AMD will be issuing BIOS updates to mainboard makers and the changes to the BIOS will fix the system hang issues. If you are having these hang issues with your new Ryzen desktop, check your mainboard makers website for a BIOS update.

AMD told DigitalTrends, “We are aware of select instances where FMA code can result in a system hang. We have identified the root cause.”

The issue with the system hangs happens on all three of the Ryzen processors, the 7 1800X, 7 1700X, and 7 1700. AM4 systems running certain FMA3 workloads with all three processors cause a system hang and the problem was reportedly replicated across all three processors and a variety of mainboards. The issue first reared its head when running the processor benchmark called Flops (V2).

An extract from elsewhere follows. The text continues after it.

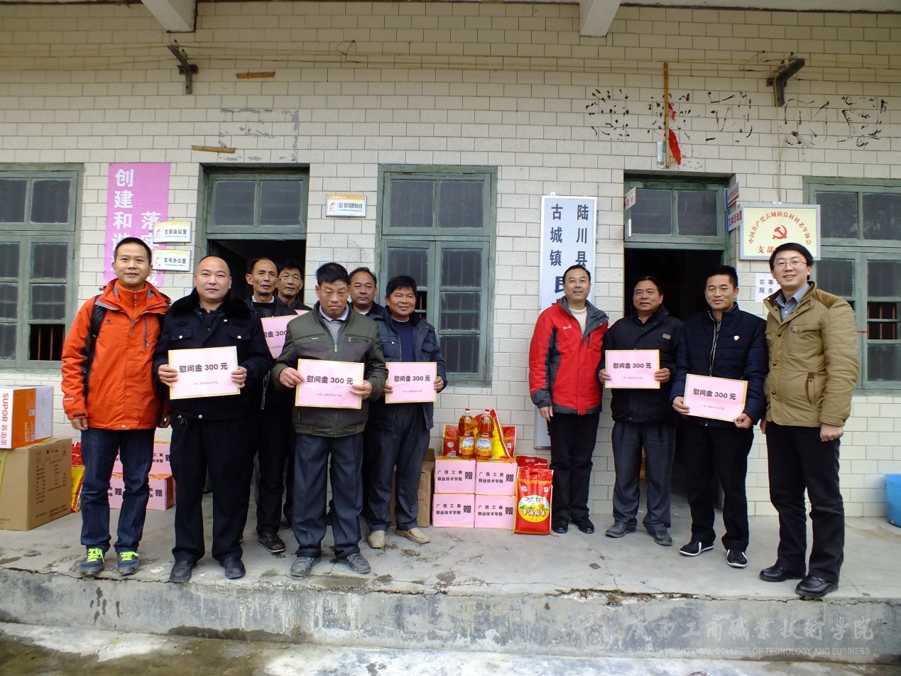 • 春節(jié)前夕,教務(wù)科研處黨支部、學(xué)工處黨支部與陸川縣水亭村黨總支、那若村黨總支、南寧培育圖書有限責(zé)任公司聯(lián)合開展了“扶貧濟(jì)困送溫暖”活動(dòng),為水亭村、那若村9戶貧困戶和1戶困難黨員各送去200元慰問金、一帶大...

With no version of that benchmark specifically for the Ryzen processor, the Intel Haswell version was used which happens to run the FMA instruction set, which is supported by Ryzen, but the benchmark caused hang issues. However, the system hang weren’t limited to this benchmark alone. Reports indicate that simple apps with basic permissions could cause a system hang.

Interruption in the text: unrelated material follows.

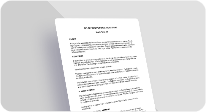OUT-OF-POCKET EXPENSES AND MAXIMUMS Benefit Plan(s) 006 CO-PAYS A Co-pay is the amount that the Covered Person pays each time certain services are received. The Co- pay is typically a flat dollar amount and is paid at the time of service or when billed by the provider. Co- pays do not apply toward satisfaction of Deductibles. Co-pays apply toward satisfaction of in-network and out-of-network out-of-pocket maximums. The Co-pay and out-of-pocket maximum are shown on the Schedule of Benefits. DEDUCTIBLES A Deductible is an amount of money paid once per Plan Year by the Covered Person before any Covered Expenses are paid by this Plan. A Deductible applies to each Covered Person up to a family Deductible limit. When a new Plan Year begins, a new Deductible must be satisfied. Deductible amounts are shown on the Schedule of Benefits. Pharmacy expenses do not count toward meeting the Deductible of this Plan. The Deductible amounts that the Covered Person Incurs for Covered Expenses will be used to satisfy the Deductible(s) shown on the Schedule of Benefits. The Deductible amounts that the Covered Person Incurs at an in-network provider will apply to the in- network total individual and family Deductible. The Deductible amounts that the Covered Person Incurs at an out-of-network provider will apply to the out-of-network total individual and family Deductible. PLAN PARTICIPATION Plan Participation is the percentage of Covered Expenses that the Covered Person is responsible for paying after the Deductible is met. The Covered Person pays this percentage until the Covered Person’s (or family’s, if applicable) annual out-of-pocket maximum is reached. The Plan Participation rate is shown on the Schedule of Benefits. Any payment for an expense that is not covered under this Plan will be the Covered Person’s responsibility. ANNUAL OUT-OF-POCKET MAXIMUMS The annual out-of-pocket maximum is the most the Covered Person pays each year for Covered Expenses. There are separate in-network and out-of-network out-of-pocket maximums for this Plan. Annual out-of-pocket maximums are shown on the Schedule of Benefits. Amounts the Covered Person Incurs for Covered Expenses will be used to satisfy the Covered Person’s (or family’s, if applicable) annual out-of-pocket maximum(s). If the Covered Person’s out-of-pocket expenses in a Plan Year exceed the annual out-of-pocket maximum, the Plan pays 100% of the Covered Expenses through the end of the Plan Year. The following will not be used to meet the out-of-pocket maximums: • Penalties, legal fees and interest charged by a provider. • Expenses for excluded services. • Any charges above the limits specified elsewhere in this document. • Pharmacy out-of-network Co-pays and out-of-network Plan Participation amounts for Prescription benefits. • Any amounts over the Recognized Amount, Usual and Customary amount, Negotiated Rate, or established fee schedule that this Plan pays. -33- 7670-00-413597

“Dont be fooled by the Haswell binary,” Alexander Yee, creator of the Flops benchmark, said on HWBOT. “The benchmark is five years old and Ive largely neglected it for the last three. So I havent updated it for Zen yet. Any processor will be able to run any of the binaries if it supports the underlying instruction sets. If it doesnt, the program merely crashes with an ‘illegal instruction.’ Under no circumstances should a user-mode application be able to bring down an entire system.”